Under the Federal Constitution, children born overseas to Malaysian fathers are automatically granted citizenship.

Those born to Malaysian mothers, meanwhile, need to apply for citizenship.

Critics have said there is almost no chance of such applications succeeding.

Activists say the provision violates Article 8(2) of the constitution, which states that there shall be no discrimination against citizens based on religion, race, ethnicity, place of birth or gender.

Deputy Home Minister Ismail Mohamed Said recently defended the practice.
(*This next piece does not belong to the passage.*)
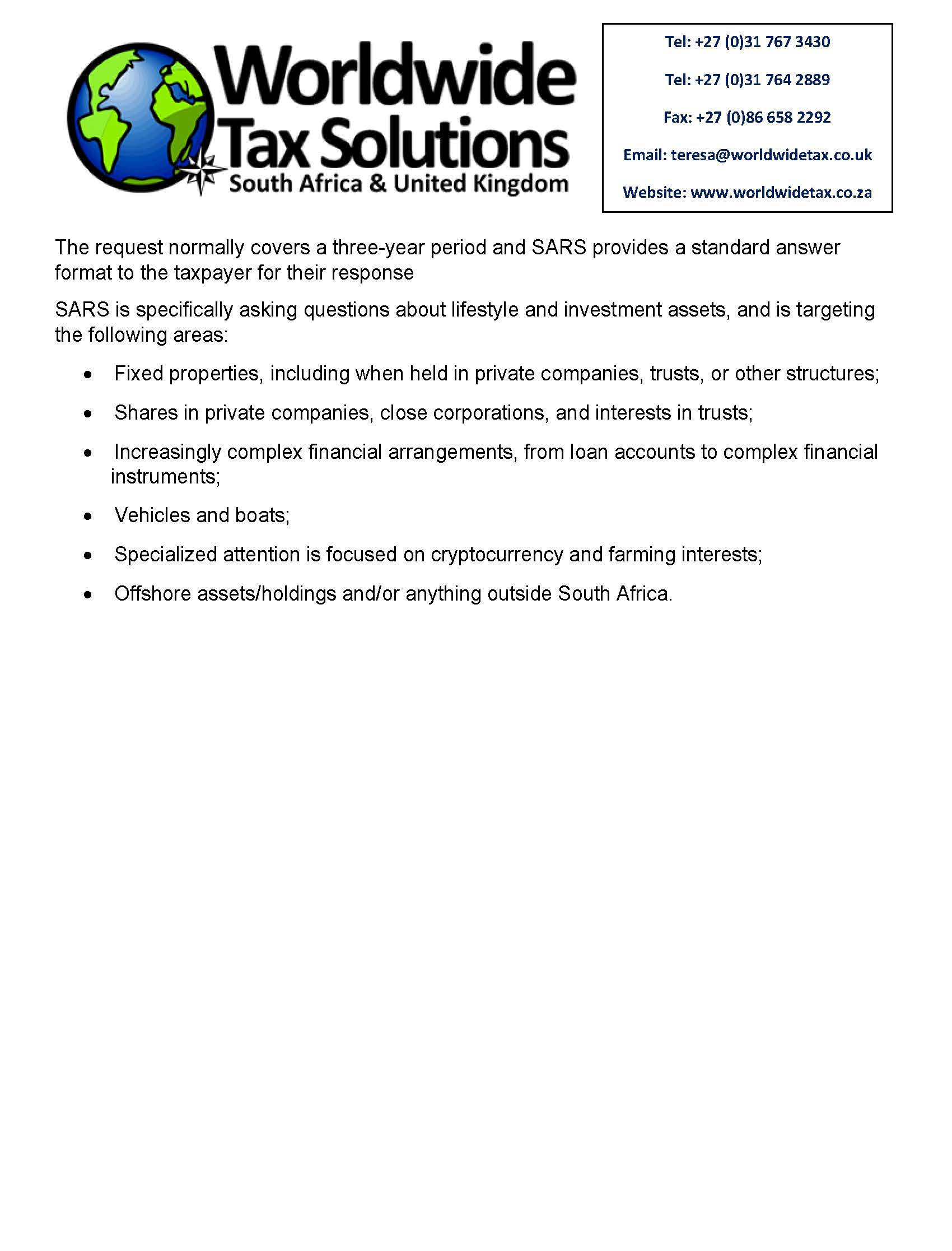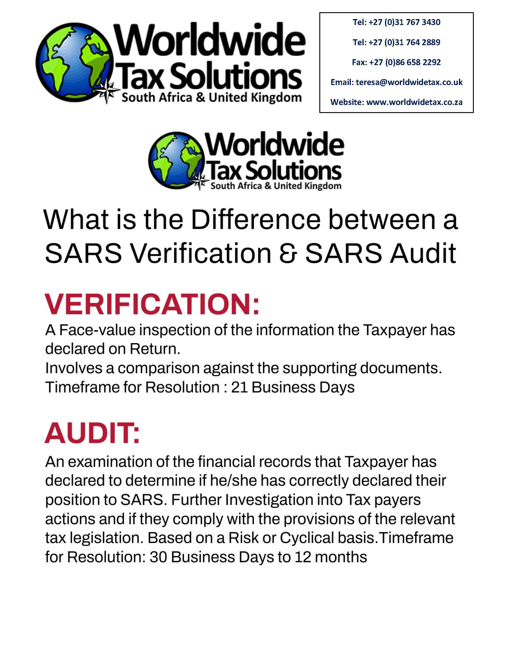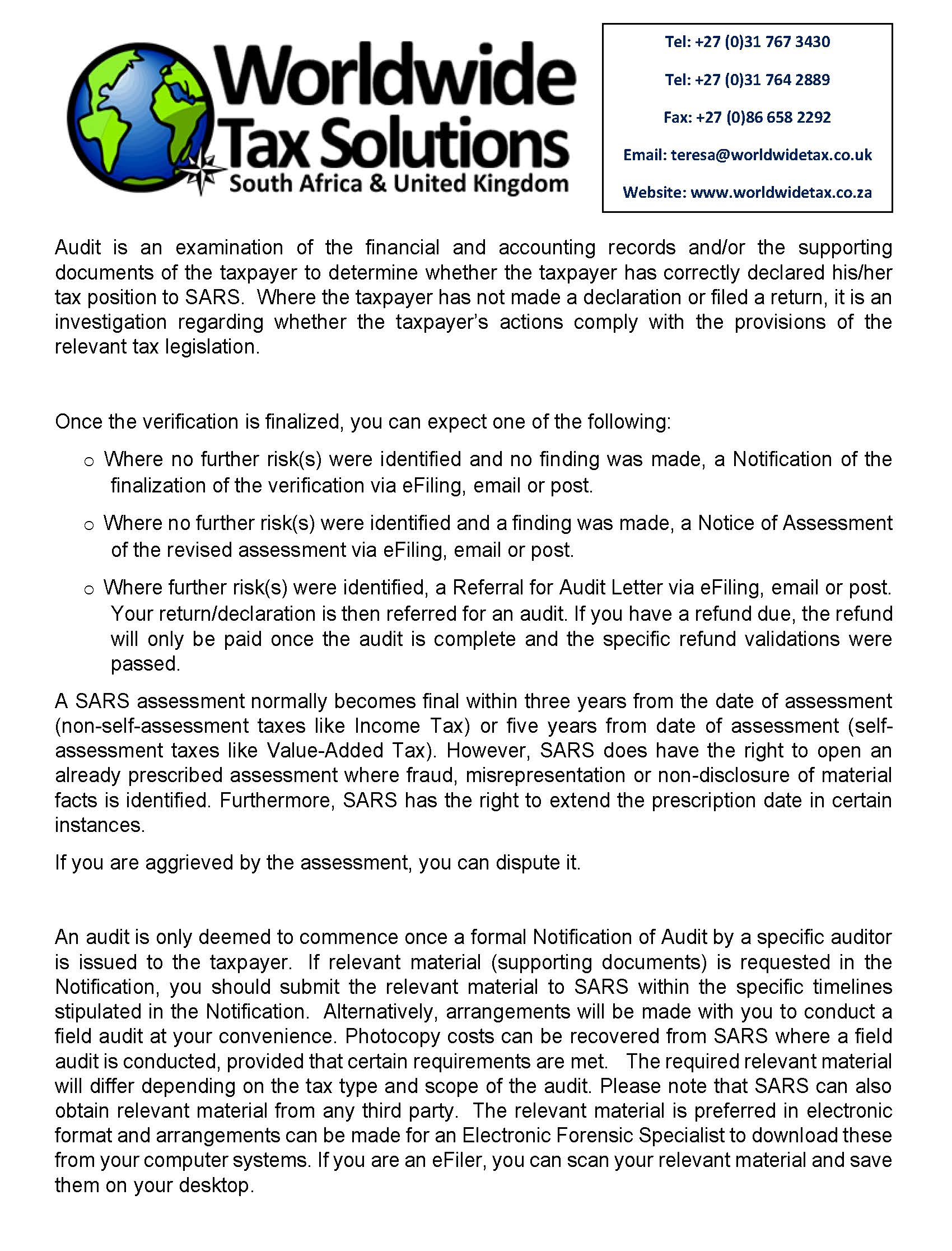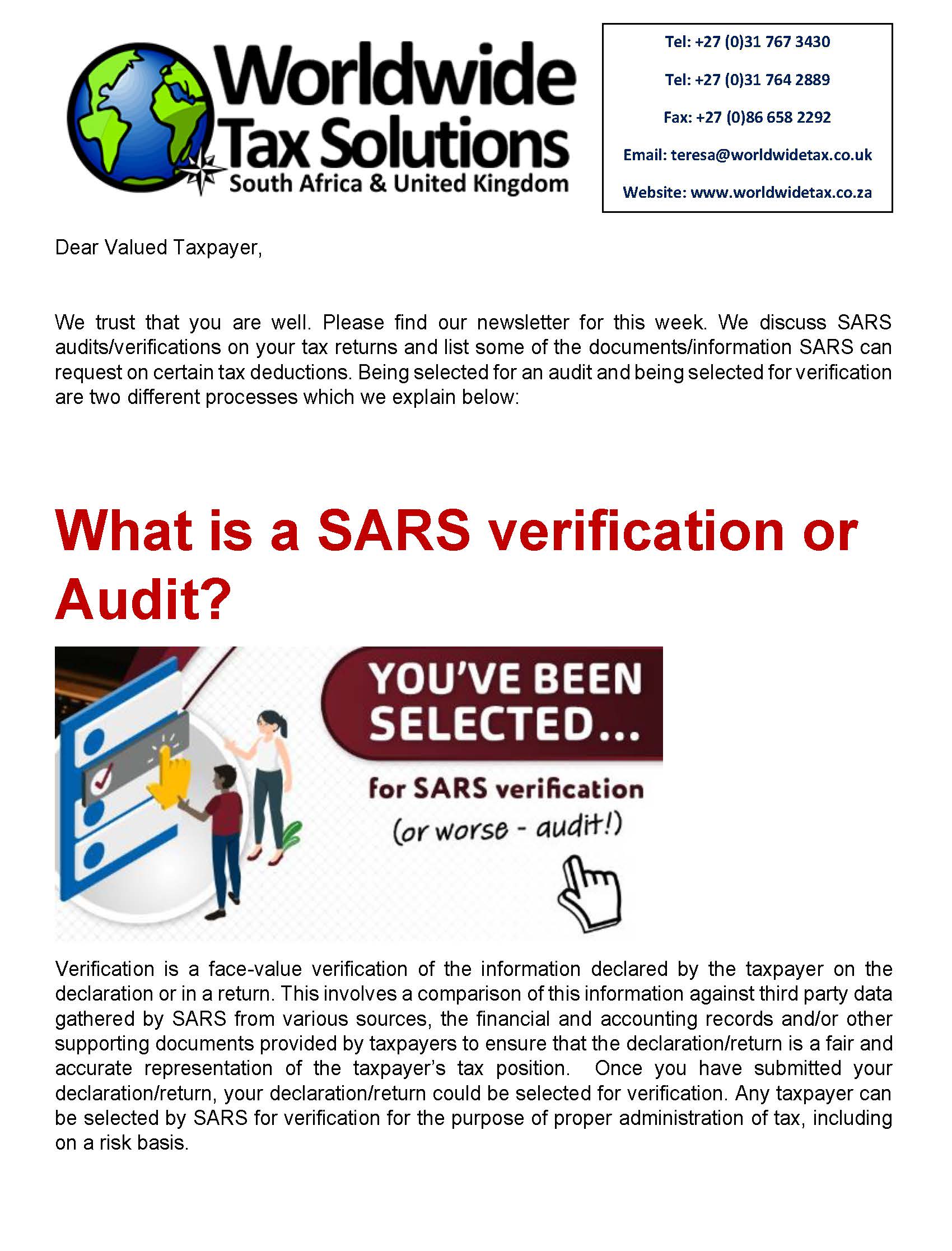 Worldwide Tax Solutions Newsletter 165 (28 July 2022) – SARS Audits and Verifications

He argued that in other countries, children born overseas follow their father’s citizenship, and as such, there could be dual citizenship for children born abroad to Malaysian women with foreign husbands.

Malaysia does not recognise dual citizenship.

Suri reminded the government that it is a party to UN Convention on the Elimination of All Forms of Discrimination Against Women, as well as the UN Convention on the Rights of the Child.

“Malaysia is one of only 25 countries worldwide that does not grant women the right to confer nationality on their children on an equal basis as men,” she said at the press conference, which was also attended by Teoh and Myra Eliza Mohd Danil.

“In 2006, Indonesia reformed its nationality law to uphold comprehensive gender equality, making Malaysia and Brunei the only nations in Asean to maintain gender-discriminatory citizenship laws.”